Mr Rumsfeld was at the peak of his powers after the US victory in Afghanistan, but has not looked good since the Abu Ghraib jail scandal, which prompted widespread calls for his resignation.

He was also damaged badly earlier this month when he sought to dismiss the concerns of a soldier who demanded to know why US military vehicles in Iraq were not properly armoured.

Well used to Democrat barbs, Mr Rumsfeld is now taking friendly fire as well. William Kristol, editor of influential conservative magazine The Weekly Standard, has called on him to quit. And Republican mavericks in the Senate, Chuck Hagel and John McCain, both Vietnam veterans, said in the past week that Mr Rumsfeld, who served in the US Navy in the 1950s, did not have their confidence.

Senator McCain argues that at least another 100,000 troops are needed to secure Iraq. Yesterday, Senator Hagel said the controversy over the letters underscored Mr Rumsfeld's leadership failures.

Calling it "astounding", Senator Hagel said: "It does reflect how out of touch they are and how dismissive they are.

"If the President can find the time to do that, why can't the Secretary of Defence?"

A sign of the breadth of discontent among Republicans came last week when former Senate majority leader Trent Lott said that he was no fan of Mr Rumsfeld. "I don't think he listens to his uniformed officers," he said, adding he wanted to see a new defence secretary "in the next year or so".

But other senior Republicans, including senator John Warner, who heads the Armed Services Committee, stressed it was important there be no disruptive changes at the Pentagon.

Senator Richard Lugar, who chairs the Foreign Relations Committee, agreed it would be too great an ordeal to go through confirmation hearings for a new defence secretary, but that Mr Rumsfeld must be "held accountable".

Most importantly, Mr Bush has made clear that of all his cabinet it is Mr Rumsfeld he most wants to stay put.

Hosing down the congressional anger, White House chief of staff Andrew Card said Mr Rumsfeld had the full support of the President. He was "doing a spectacular job and the President has great confidence in him".
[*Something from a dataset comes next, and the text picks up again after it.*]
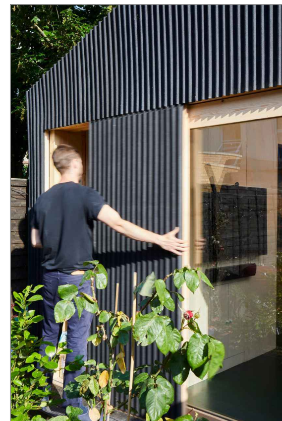
Vertical cladding and sliding door

For his part, Mr Rumsfeld wants to stay around long enough to see his belief in a smaller, more mobile military vindicated by success in Iraq.

Still, Mr Rumsfeld's discomfort has provided fodder for cartoonists and columnists. In one cartoon, Republicans run out of Congress announcing they are going to the Pentagon to throw rocks at Mr Rumsfeld. "Can Democrats come too?" asks a watching politician.

The New York Times columnist Maureen Dowd put Mr Rumsfeld in place of Jimmy Stewart in the film classic It's a Wonderful Life to portray the world as it would have been without him. Osama bin Laden had been caught; Saddam Hussein had been overthrown without US troops; Vice-President Dick Cheney was running a bait shop in Wyoming; and in perhaps the unkindest cut of all, Mr Rumsfeld's wife Joyce was married to the French ambassador.
grammydidi
The so-called attacks by republican party senators or spokespeople on Rummy or anything else is just posturing so they can quote themselves on down to road to their constituents. They'll be able to brag that they're not in Bush's hip pocket, that they're independent when they see 'wrong-doing', but just got out-voted.

It's all lies, just like their boss has been feeding the American public since 2000. Don't pat them on the back or be taken in by their so-called criticisms of the pretender's methods or decisions. Don't be fooled by anything they say........wait and watch for the important signals of their loyalty to the Americans who granted them power.

Watch how they vote. Votes count, sound-bites just fool people.
tazvil04
You are absolutely right - they ar ejust trying to look responsible and interested and like they really give a hoot about what's going on - but nothing will happen - nothing wil change - more of the shame - did i say shame - I meant same...or did I?

AND WHERE IS JOHN KERRY?

Why can't he speak out - who stole his tongue?